In case of ‘forward geocoding’, coverage is just the percentage of calls to the geocoding API that resulted in some latitude and longitude values, whereas in the ‘reverse geocoding’ case, it is measured at a per attribute level and represented the proportion of cases where that geocoder returned some value for that attribute.
For forward geocoding, a result (latitude & longitude) was deemed accurate if it fell within 100 meters of the ground truth; otherwise, it was classified as “inaccurate”. Reverse geocoding introduced additional complexity due to differences in localization (e.g., ‘Vienna’ vs. ‘Wien’), abbreviations (‘New York’ vs. ‘NY’), and inconsistent administrative schemas (e.g., ‘region’, ‘province’, ‘admin1’). To standardize comparisons, we implemented a multi-pronged approach: we allowed matches across abbreviated and full forms; leveraged the lang parameter to specify language where applicable; and mapped diverse boundary taxonomies into a unified schema (see table below).
FSQ Places | Commercial Provider 1 | Commercial Provider 2 | Geocode Earth (Pelias) | Stadia Maps (Pelias) |
---|---|---|---|---|
address | address | StreetNumber, StreetName | address | address |
locality | locality | City | locality | locality |
region | region, region_code | Province | region, region_a (macroregion in GB) | region, region_a (macroregion in GB) |
postcode | postcode | PostalCode | postalcode | postalcode |
neighborhood | neighborhoods | N/A | neighborhood | neighborhood |
country | country | CountryCode | country_code | country_code |
Evaluation Results & Key Insights
Our comprehensive evaluation revealed a fascinating paradox: the gap between open-source and commercial geocoding isn’t where conventional wisdom suggests it should be. While proprietary data was expected to dominate across all metrics, our findings tell a more nuanced story about where community-driven approaches actually excel—and where they present strategic enhancement opportunities. You can access the detailed results in the google sheet linked here.
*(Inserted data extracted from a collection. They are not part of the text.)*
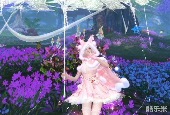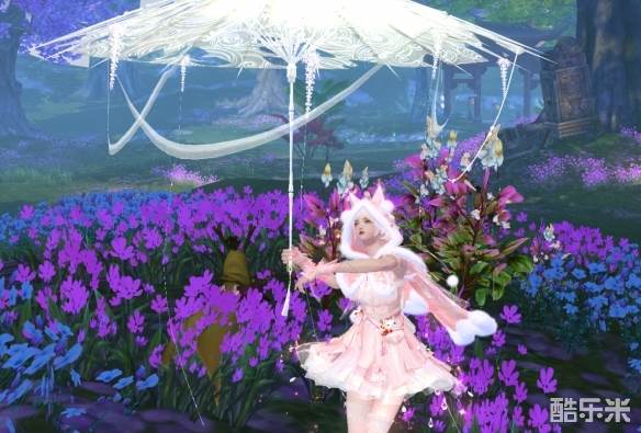 少女头戴【虎步踏春】,手中【蝶影千萝】戒指引来翩翩蝴蝶,只见她双手相握合十立于各色花朵中,身后洁白无瑕的羽翼肆意扑闪,绚丽的流光伴随点点星莹蔓延开来。她身着【暖絮浮岚】甜美可爱,红粉丝带在腰间盈盈一系,将少女的窈窕身段显露无疑。裙摆处粉红水晶散发晶莹光芒,竟让周遭鲜花都为之失色!
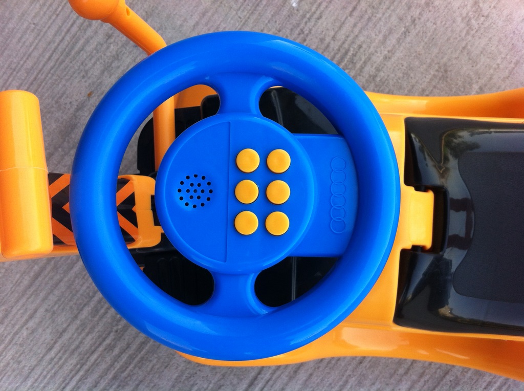 1.寶寶坐在上面可控制放向盤,車頭也會跟著方向盤轉動,小腳動動,車子就會開,請買家注意,不是電動車,要靠寶寶的腳的移動車才會向前開哦。
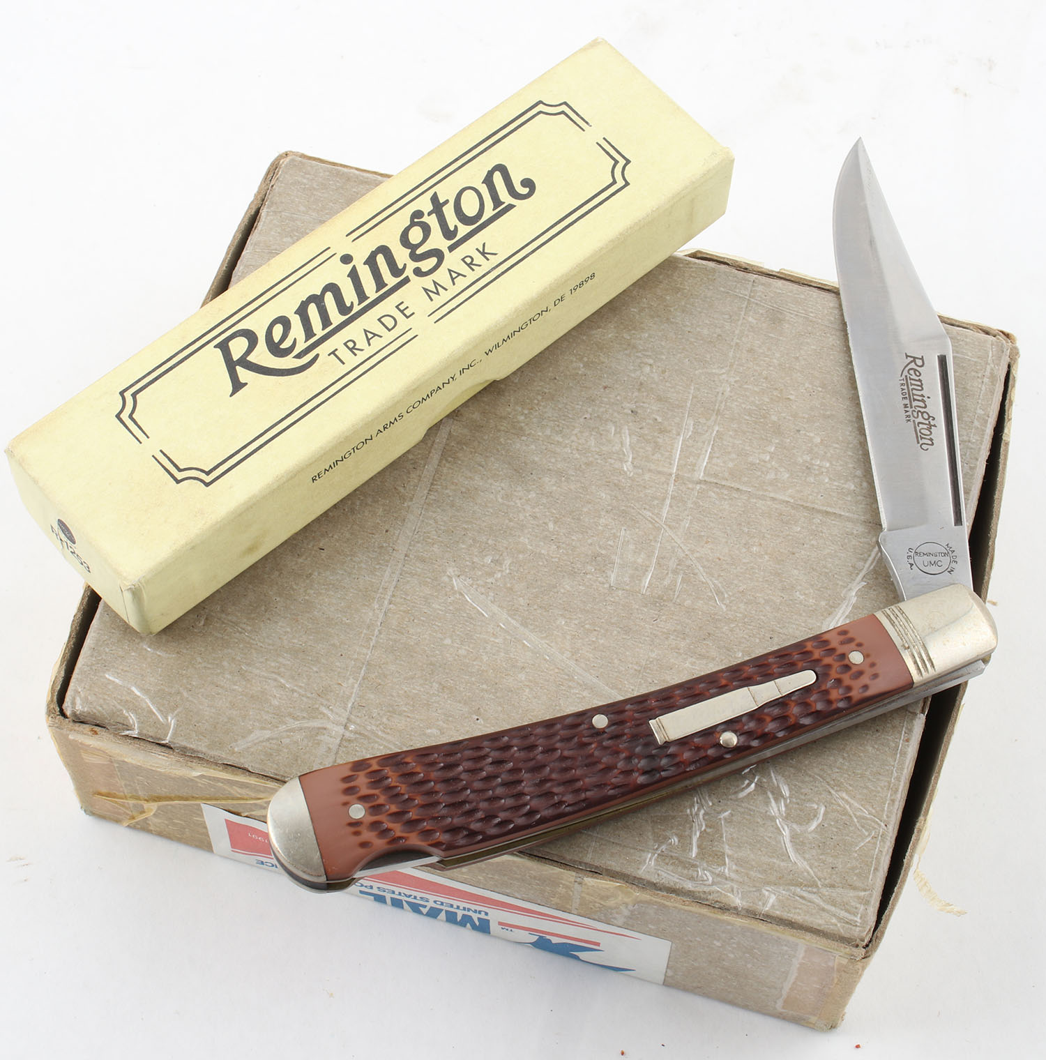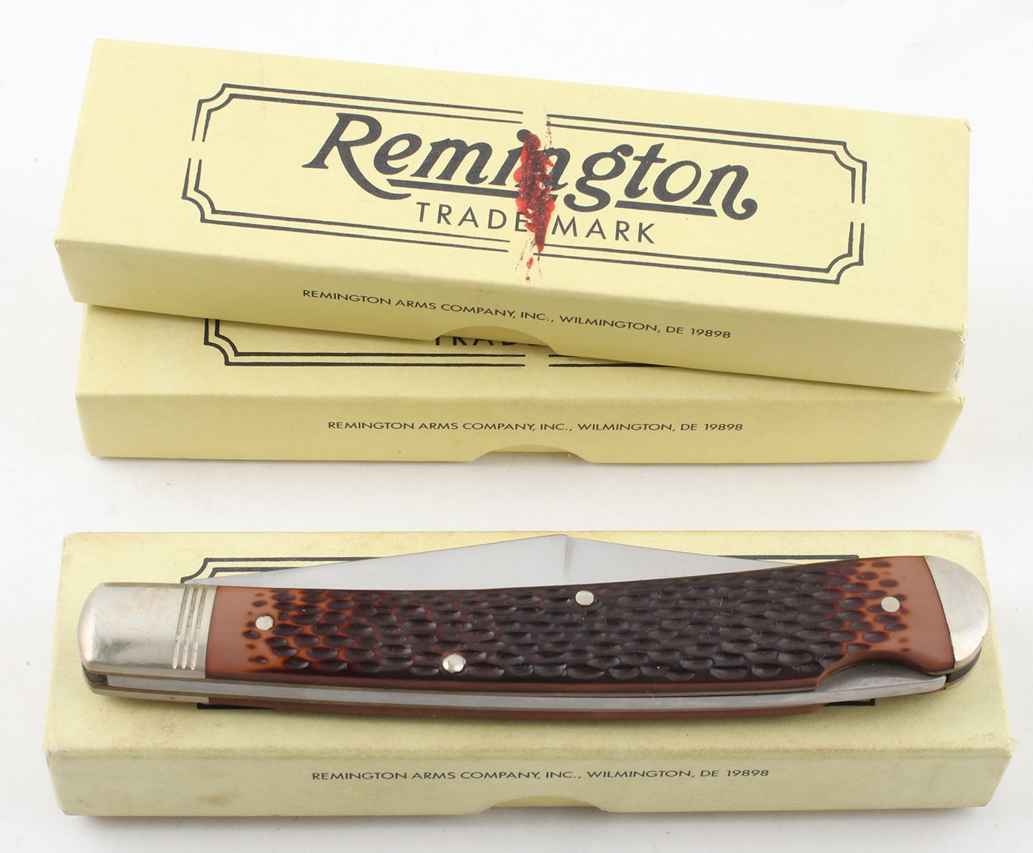 Case of 3 1992 Remington bullet knives, one R-1253, 1 blade folding knife, in original box. Grade: Excellent + - Value: 100 to 200
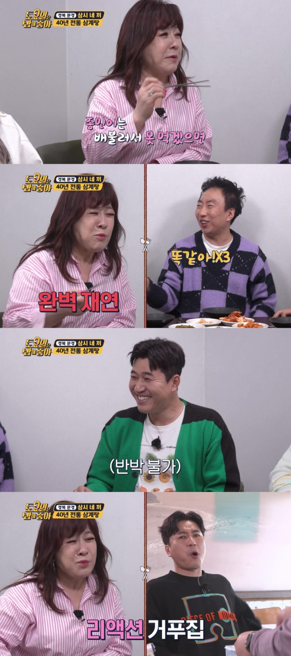 이를 포착한 노사연은 "종민이는 배 불러 못먹겠다고 하면 항상..."이라며 온갖 인상을 찌푸리고 먹는 김종민을 따라했다. 그 모습에 박명수를 비롯한 멤버들은 격하게 공감했고, 김종민 역시 들통난 것처럼 반박하지 못하고 웃음만 보였다.
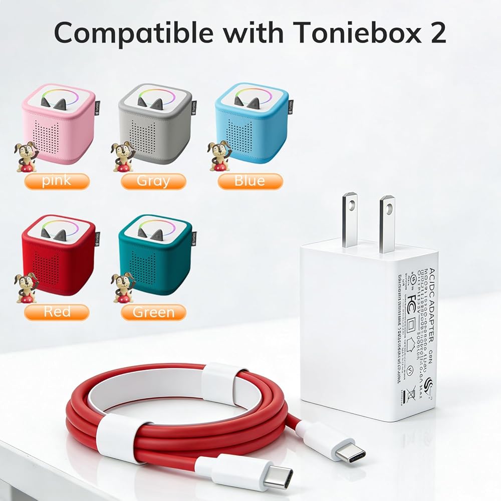 Designed for Toniebox 2, this charger features a snug interface for stable charging—ideal as a replacement or spare (not for Toniebox 1; Toniebox 2 not included!). Supporting 100-240V wide voltage and 15W fast charging, it fits home and travel use. The 1.5m TPE flame-retardant USB-C cable is wear-resistant, anti-bend, and eliminates socket distance limits. Built-in temperature control and full safety protections, tested strictly for peace of mind. The complete set is ready to use unboxed, with hassle-free after-sales and quick responses.
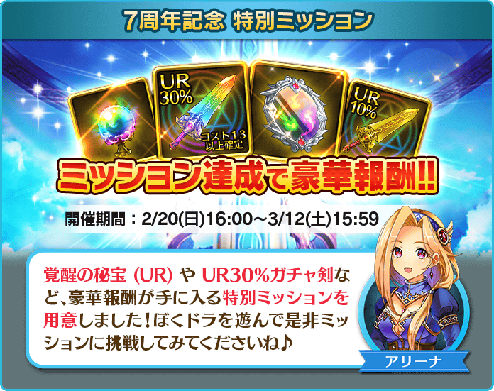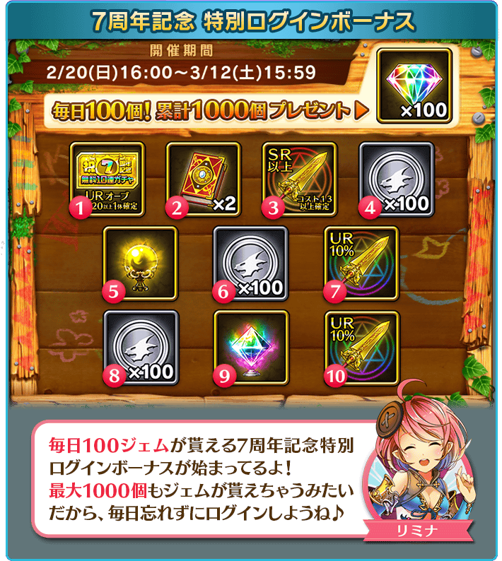 7周年記念ログインボーナス・プレゼント企画応募期間
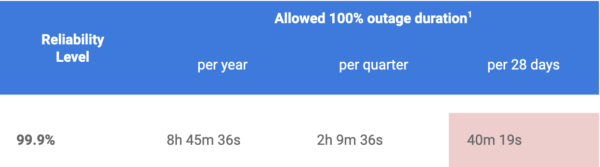 The service degree indicator (SLI) on this instance is a request finishing with a standing code of 2xx, 3xx or 4xx and with a response time of at most 2000ms. The SLO is the goal proportion, 99.9%. We attain our SLO aim if, throughout a 30 day interval, 99.9% of all requests accomplished with a kind of standing codes and inside that vary of latency. If our service didn’t succeed at that aim, the violation overflow — referred to as an “error price range” — exhibits us by how a lot we fell brief. With a aim of 99.9%, we have now 40 minutes and 19 seconds of downtime accessible to us each 28 days. Try extra error price range math right here.
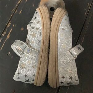 NWOB These adorable silver glitter with metallic star shoes features a Mary Jane strap, and gum rubber sole to provide the comfort of a sneaker. Removable inserts give growing feet a little wiggle room. Velcro strap.
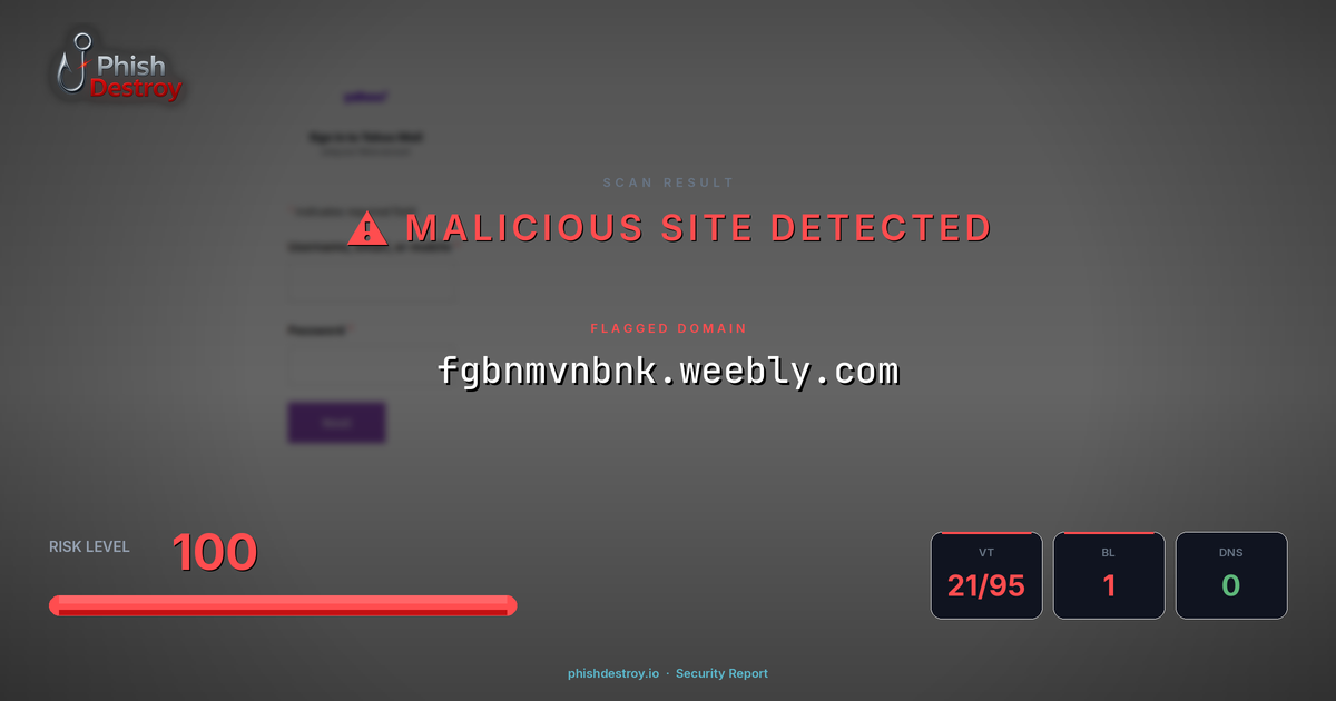 fgbnmvnbnk.weebly.com has been flagged by 21 security vendors as of March 15, 2026.
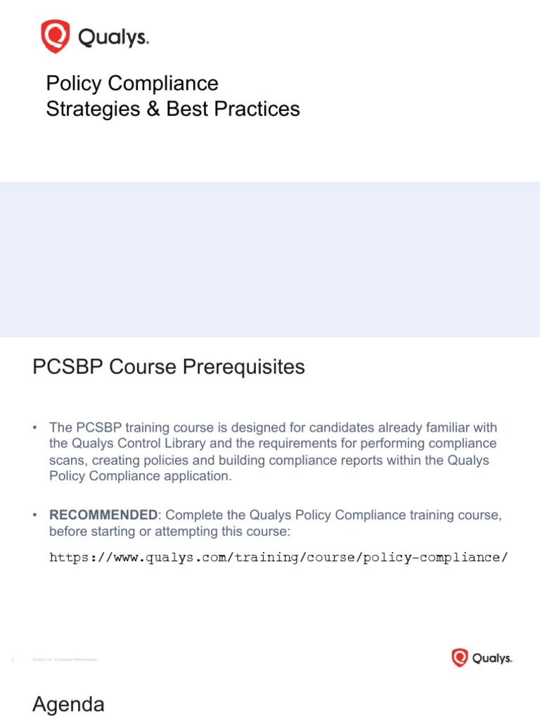 • RECOMMENDED: Complete the Qualys Policy Compliance training course,

- Open Source is Closing the Gap on Geocode Coverage Globally
Across all regions, open-source geocoders are now on par with commercial ones in terms of basic geocode coverage. This reflects the growing maturity of open datasets such as OpenStreetMap, which now offer broad and reliable global representation. This level of completeness enables open-source tools to support large-scale applications where fill rate is critical. Once considered hobbyist-grade, open geocoding has reached a level of readiness suitable for many production scenarios, especially where coverage outweighs the need for high-precision results. - Accuracy Gap Remains – and it’s Region Dependent
Despite coverage parity, open-source geocoders still trail on accuracy, but the extent of the gap varies by region and provider. In the US and Europe, the gap is about 17%, but in non-US Anglosphere countries it’s closer to 9%, showing decent open-source performance in English-speaking markets. However, in regions like East Asia and Latin America, the difference is more pronounced, sometimes exceeding 20%. This variation is closely tied to the quality and structure of local addressing systems and the depth of investment by commercial providers. These gaps should inform deployment decisions, especially for use cases where location accuracy is critical. - Reverse Geocoding Shows Nuanced Tradeoffs
Attribute-level performance in reverse geocoding reveals a complex pattern of tradeoffs. In the Anglosphere, for example, commercial providers show 5% higher coverage on locality, yet open-source systems outperform them on accuracy by 11%. In East Asia, open-source providers offer 12% higher accuracy on average, despite 15% lower coverage. For the region attribute, open-source geocoders often match or exceed commercial performance—by 10% in East Asia and 6% in Europe—at similar coverage levels. However, performance is inconsistent for more granular attributes like postcodes, where open-source tools tend to lag. - Commercial Geocoder Performance Varies Widely by Region and Provider
Commercial providers do not offer uniform performance across geographies, and in several regions, the differences between them are as stark as the gap with open source. In Latin America, for example, one commercial provider substantially outperforms the other—indicating that vendor-specific regional investments directly influence quality. A similar pattern emerges in Southeast Asia: one commercial provider leads open-source solutions by 13% in locality accuracy and 22% in coverage, while another trails by 37% in coverage and 15% in accuracy. These disparities show that commercial superiority cannot be assumed universally, and that localized performance needs to be evaluated per vendor, especially in markets where data quality is heterogeneous. - Postcodes Are the Achilles’ Heel of Open-Source Systems
Among all attributes, postal codes consistently underperform in open-source geocoding systems. In reverse geocoding, commercial providers lead open-source counterparts by 62% in postcode coverage in the Anglosphere, and by 50% in Europe, with accuracy advantages often accompanying that lead. These gaps stem from systemic challenges—postal datasets are frequently proprietary, fragmented, or encumbered by restrictive licenses, preventing their integration into open platforms.provider postcodes are more accurate than commercial ones in Latin America and Southeast Asia when data is available, suggesting that community-driven updates generally produce higher accuracy.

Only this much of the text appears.